If you are finding faults on every reboot you have other (probably bigger) issues.
You should also be running a monitor for the S.M.A.R.T.™ internal diagnostics that are a standard feature of all modern drives. "If Linux is listening," then the drive – which performs error-detection and track/sector sparing all on its own now – will tell you when it is failing, long before it actually does. (smartctl command and so forth.)
All of the servers that I manage are all virtual and live on SAN, with the exception of one. With the disks by SAN, would having S.M.A.R.T even be necessary?

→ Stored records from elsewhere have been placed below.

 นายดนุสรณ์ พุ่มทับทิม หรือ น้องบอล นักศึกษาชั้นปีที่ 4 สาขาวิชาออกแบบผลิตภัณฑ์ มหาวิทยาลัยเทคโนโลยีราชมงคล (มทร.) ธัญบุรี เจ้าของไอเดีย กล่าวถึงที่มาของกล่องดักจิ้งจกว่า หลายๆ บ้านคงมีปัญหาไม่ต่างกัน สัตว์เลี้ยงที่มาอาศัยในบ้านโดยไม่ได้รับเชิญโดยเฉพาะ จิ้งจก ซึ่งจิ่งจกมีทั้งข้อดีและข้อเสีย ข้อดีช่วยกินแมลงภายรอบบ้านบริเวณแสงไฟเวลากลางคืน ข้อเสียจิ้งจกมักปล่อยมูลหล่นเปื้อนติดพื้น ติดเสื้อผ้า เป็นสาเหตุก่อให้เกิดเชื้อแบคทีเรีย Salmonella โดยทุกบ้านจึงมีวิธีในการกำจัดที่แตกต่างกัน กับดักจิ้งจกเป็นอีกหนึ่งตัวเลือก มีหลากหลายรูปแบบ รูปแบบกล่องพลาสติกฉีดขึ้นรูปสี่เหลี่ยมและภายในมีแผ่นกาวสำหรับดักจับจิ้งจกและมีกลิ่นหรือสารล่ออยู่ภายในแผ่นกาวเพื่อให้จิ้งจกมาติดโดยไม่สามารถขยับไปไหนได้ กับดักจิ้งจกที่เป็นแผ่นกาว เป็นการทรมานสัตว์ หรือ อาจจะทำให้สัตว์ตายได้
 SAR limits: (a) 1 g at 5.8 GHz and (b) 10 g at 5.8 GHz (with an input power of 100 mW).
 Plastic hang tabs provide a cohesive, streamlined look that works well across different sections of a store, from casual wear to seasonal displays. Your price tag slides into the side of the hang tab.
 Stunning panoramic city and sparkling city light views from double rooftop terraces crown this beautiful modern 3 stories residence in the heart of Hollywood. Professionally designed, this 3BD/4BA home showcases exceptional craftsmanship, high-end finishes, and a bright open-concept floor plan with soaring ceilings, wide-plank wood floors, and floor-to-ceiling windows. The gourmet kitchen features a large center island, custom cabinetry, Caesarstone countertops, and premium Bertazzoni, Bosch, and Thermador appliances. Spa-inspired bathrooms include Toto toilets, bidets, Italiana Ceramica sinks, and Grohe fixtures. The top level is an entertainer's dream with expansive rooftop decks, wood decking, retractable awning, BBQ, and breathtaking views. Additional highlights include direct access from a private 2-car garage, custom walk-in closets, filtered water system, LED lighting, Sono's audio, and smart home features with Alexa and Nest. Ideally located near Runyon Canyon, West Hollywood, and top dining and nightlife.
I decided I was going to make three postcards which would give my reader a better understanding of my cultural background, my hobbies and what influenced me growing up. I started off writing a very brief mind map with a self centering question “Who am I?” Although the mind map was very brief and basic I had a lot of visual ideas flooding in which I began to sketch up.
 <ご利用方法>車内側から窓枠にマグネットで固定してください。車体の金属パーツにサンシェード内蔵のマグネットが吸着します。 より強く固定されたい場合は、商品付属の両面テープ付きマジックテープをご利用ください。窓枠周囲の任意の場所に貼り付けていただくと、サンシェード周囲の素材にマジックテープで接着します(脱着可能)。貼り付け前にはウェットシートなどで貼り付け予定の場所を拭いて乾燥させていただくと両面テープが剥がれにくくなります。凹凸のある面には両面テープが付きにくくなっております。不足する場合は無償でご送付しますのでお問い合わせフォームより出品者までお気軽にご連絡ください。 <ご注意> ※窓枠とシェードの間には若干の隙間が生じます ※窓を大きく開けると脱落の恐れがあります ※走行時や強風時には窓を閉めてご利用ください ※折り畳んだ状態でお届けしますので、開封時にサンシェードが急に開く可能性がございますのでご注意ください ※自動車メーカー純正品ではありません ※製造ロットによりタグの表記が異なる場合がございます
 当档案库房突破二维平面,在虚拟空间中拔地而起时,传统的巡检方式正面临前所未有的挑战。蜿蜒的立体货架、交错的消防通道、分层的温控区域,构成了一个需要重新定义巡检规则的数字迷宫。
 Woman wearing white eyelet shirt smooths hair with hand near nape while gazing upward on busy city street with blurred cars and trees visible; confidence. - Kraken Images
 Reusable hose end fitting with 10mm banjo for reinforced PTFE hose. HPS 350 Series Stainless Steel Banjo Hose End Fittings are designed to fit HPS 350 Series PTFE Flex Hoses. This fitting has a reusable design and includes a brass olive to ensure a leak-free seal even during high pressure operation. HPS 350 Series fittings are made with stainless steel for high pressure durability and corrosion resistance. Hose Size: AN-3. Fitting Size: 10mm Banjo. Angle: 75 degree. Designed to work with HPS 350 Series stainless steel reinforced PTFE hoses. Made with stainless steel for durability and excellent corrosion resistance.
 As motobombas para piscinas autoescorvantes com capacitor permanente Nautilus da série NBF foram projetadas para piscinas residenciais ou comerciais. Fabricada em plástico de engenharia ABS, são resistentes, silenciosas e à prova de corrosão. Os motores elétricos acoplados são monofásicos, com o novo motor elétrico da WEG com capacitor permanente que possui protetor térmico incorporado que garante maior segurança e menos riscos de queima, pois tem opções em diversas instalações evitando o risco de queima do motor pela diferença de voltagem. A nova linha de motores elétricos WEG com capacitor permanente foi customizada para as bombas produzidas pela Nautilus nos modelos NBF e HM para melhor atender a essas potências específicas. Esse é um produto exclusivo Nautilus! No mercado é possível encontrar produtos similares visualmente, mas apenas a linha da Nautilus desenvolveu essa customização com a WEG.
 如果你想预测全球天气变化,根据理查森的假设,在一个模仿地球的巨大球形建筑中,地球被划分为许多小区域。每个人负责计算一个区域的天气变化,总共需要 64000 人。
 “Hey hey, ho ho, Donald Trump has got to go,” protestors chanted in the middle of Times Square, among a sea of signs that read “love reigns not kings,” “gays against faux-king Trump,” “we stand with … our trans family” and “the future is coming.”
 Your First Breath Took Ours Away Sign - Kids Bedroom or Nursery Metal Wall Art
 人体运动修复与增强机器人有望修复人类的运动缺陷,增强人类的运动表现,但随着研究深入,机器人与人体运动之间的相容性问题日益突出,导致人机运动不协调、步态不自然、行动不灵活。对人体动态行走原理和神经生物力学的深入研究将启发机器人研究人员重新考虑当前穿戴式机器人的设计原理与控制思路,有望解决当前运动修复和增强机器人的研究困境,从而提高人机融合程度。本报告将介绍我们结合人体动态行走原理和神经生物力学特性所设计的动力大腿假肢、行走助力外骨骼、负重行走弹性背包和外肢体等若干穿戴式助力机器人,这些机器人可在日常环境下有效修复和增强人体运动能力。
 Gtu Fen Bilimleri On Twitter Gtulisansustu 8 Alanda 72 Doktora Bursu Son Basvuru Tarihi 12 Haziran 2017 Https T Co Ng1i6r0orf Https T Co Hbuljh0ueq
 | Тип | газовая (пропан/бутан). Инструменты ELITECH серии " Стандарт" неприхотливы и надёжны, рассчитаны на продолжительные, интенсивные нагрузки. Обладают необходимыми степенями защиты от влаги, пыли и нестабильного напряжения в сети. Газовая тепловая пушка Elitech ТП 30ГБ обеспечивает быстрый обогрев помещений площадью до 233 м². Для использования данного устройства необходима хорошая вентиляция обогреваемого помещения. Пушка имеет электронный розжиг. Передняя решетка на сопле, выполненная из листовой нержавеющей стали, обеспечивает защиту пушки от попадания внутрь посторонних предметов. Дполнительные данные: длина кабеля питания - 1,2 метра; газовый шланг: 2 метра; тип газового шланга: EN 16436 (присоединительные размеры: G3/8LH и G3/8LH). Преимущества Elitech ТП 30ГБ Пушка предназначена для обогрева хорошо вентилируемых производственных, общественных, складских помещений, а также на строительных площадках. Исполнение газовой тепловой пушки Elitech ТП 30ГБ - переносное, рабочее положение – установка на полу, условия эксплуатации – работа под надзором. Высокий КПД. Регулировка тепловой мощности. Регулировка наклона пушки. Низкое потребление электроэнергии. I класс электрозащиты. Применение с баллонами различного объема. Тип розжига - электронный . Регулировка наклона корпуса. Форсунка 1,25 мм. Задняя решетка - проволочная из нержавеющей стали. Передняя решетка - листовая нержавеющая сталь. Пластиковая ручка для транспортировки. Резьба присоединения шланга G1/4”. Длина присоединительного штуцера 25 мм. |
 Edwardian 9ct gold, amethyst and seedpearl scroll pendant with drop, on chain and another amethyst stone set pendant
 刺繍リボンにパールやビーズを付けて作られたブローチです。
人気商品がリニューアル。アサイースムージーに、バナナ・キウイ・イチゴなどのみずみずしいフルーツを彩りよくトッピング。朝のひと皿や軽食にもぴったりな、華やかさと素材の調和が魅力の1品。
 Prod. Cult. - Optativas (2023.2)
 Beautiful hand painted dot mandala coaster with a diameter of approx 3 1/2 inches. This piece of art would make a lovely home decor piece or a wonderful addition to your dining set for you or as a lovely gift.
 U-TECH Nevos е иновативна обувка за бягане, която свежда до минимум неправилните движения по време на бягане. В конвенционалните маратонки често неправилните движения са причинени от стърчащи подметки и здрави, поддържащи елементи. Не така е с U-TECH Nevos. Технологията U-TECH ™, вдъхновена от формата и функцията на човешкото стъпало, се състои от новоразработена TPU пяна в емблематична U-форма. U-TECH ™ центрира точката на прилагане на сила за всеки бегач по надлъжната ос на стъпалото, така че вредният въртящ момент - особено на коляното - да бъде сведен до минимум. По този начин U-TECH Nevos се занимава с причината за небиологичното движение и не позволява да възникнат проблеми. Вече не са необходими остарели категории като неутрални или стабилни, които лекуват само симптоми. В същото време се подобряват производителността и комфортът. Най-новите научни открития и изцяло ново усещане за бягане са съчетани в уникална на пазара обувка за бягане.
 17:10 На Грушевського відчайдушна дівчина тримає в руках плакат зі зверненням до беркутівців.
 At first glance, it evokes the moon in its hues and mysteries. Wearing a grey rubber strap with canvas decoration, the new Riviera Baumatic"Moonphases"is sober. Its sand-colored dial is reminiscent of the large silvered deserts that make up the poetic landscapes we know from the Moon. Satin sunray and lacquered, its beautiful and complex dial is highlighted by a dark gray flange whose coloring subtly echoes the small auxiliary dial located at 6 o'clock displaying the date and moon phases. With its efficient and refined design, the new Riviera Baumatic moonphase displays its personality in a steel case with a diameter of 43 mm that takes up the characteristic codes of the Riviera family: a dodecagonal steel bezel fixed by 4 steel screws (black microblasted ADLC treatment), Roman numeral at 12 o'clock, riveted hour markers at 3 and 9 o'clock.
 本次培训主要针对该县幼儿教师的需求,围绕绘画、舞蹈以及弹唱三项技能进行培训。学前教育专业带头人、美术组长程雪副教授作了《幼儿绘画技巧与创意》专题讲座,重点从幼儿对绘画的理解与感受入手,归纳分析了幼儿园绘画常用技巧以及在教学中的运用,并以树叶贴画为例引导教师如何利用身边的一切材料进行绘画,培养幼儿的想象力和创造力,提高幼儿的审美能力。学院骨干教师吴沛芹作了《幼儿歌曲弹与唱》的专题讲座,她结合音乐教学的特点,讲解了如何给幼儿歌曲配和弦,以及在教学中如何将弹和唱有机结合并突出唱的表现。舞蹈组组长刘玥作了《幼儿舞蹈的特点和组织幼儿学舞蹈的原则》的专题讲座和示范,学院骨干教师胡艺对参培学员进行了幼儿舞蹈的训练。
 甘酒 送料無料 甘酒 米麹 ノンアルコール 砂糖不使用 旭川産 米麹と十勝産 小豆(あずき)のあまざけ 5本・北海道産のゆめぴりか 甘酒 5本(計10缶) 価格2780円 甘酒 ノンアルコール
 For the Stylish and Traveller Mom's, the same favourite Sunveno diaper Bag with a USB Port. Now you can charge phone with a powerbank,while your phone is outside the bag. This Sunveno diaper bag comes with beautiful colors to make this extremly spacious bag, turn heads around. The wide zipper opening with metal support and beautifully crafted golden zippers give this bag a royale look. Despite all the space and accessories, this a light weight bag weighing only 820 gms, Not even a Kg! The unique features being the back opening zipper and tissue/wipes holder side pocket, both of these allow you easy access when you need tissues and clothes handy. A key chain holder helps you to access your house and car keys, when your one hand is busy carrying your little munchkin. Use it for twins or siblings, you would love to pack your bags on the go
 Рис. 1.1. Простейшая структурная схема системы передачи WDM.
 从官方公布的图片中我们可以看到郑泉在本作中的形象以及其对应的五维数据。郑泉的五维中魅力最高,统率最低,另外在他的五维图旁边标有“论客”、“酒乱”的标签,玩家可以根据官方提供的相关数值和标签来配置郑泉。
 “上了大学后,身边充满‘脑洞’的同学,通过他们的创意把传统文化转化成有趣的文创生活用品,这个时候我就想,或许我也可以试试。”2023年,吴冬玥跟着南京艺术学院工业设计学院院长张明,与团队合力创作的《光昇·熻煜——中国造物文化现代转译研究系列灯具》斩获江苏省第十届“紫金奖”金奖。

The previous admin had S.M.A.R.T running on all of the RHEL5 systems, which were all VMs too. Not sure if it is available for RHEL6, so I would have to read up on it.
Last edited by JockVSJock; 03-08-2017 at 07:53 AM.
All of the servers that I manage are all virtual and live on SAN, with the exception of one. With the disks by SAN, would having S.M.A.R.T even be necessary?
The previous admin had S.M.A.R.T running on all of the RHEL5 systems, which were all VMs too. Not sure if it is available for RHEL6, so I would have to read up on it.
Probably not. Normally, a SAN controller queries the S.M.A.R.T. data on all of the drives that it controls, and has some means to notify you if it detects a problem. It usually doesn't expose the individual devices, as it is the one responsible for controlling them all. However, "SANs do vary." Some of them are very simple while others are very sophisticated.
You should be running ext4(journaling enabled) on all of your file systems.
Probably not. Normally, a SAN controller queries the S.M.A.R.T. data on all of the drives that it controls, and has some means to notify you if it detects a problem. It usually doesn't expose the individual devices, as it is the one responsible for controlling them all. However, "SANs do vary." Some of them are very simple while others are very sophisticated.
Now that I look back, there were a TON of errors with S.M.A.R.T and these RHEL VMs. I turned it off, since the SANs was monitoring those disks.